The ALJ specifically noted that she “balanced” all of the factors enumerated in § 8-40-202(2). Findings of Fact, Conclusion of Law, and Order at 3, ¶ 9 and at 5, ¶ 7. The ALJ then, as noted above, made specific findings of fact on the criteria set forth in §8-40-202(2)(b)(II). The ALJ considered the relevant factors and entered factual findings supporting her conclusion that, on balance, the claimant was an employee. Again, in the absence of a transcript of the relevant hearing we must presume the pertinent findings of fact are supported by substantial evidence.

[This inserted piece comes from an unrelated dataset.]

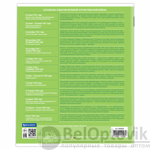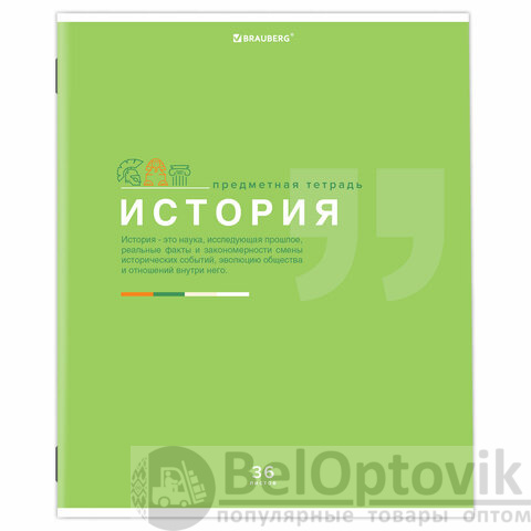 Тетрадь по истории формата А5 (165х202 мм) содержит 36 листов, изготовленных из высококачественной офсетной бумаги плотностью 60 г/м2, 100% белизны. Листы соединены скобами. Линовка блока - клетка, красные поля. Обложка выполнена из мелованной бумаги плотностью 170 г/м2. На обратной стороне обложки расположены основные подсказки по школьному предмету.

We are not at liberty to disturb these findings. The findings also support the ALJ’s conclusion that under the totality of the circumstances, there was an independent contractor status rather than an employment relationship. It was the ALJ’s prerogative to weigh the evidence, and that the ALJ might have reached a contrary conclusion is immaterial on review. Mountain Meadows Nursing Center v. Industrial Claim Appeals Office, 990 P.2d 1090 (Colo.App. 1999).
IT IS THEREFORE ORDERED that the ALJ’s order issued October 30, 2007 is affirmed.
Page 4
INDUSTRIAL CLAIM APPEALS PANEL
_______________________ John D. Baird
_______________________ Thomas Schrant
ANTOINETTE DONAHUE, BOULDER, CO, (Claimant).
DANLEY INVESTIGATIONS, HIGHLANDS RANCH, CO, (Employer).
JOHN TAUSSIG ESQ., BOULDER, CO, (For Claimant).
NEVIN A SEEGER PC, DENVER, CO, (For Respondents).
M C WILLIAMS AND ASSOCIATES LLC, DENVER, CO, (Other Party).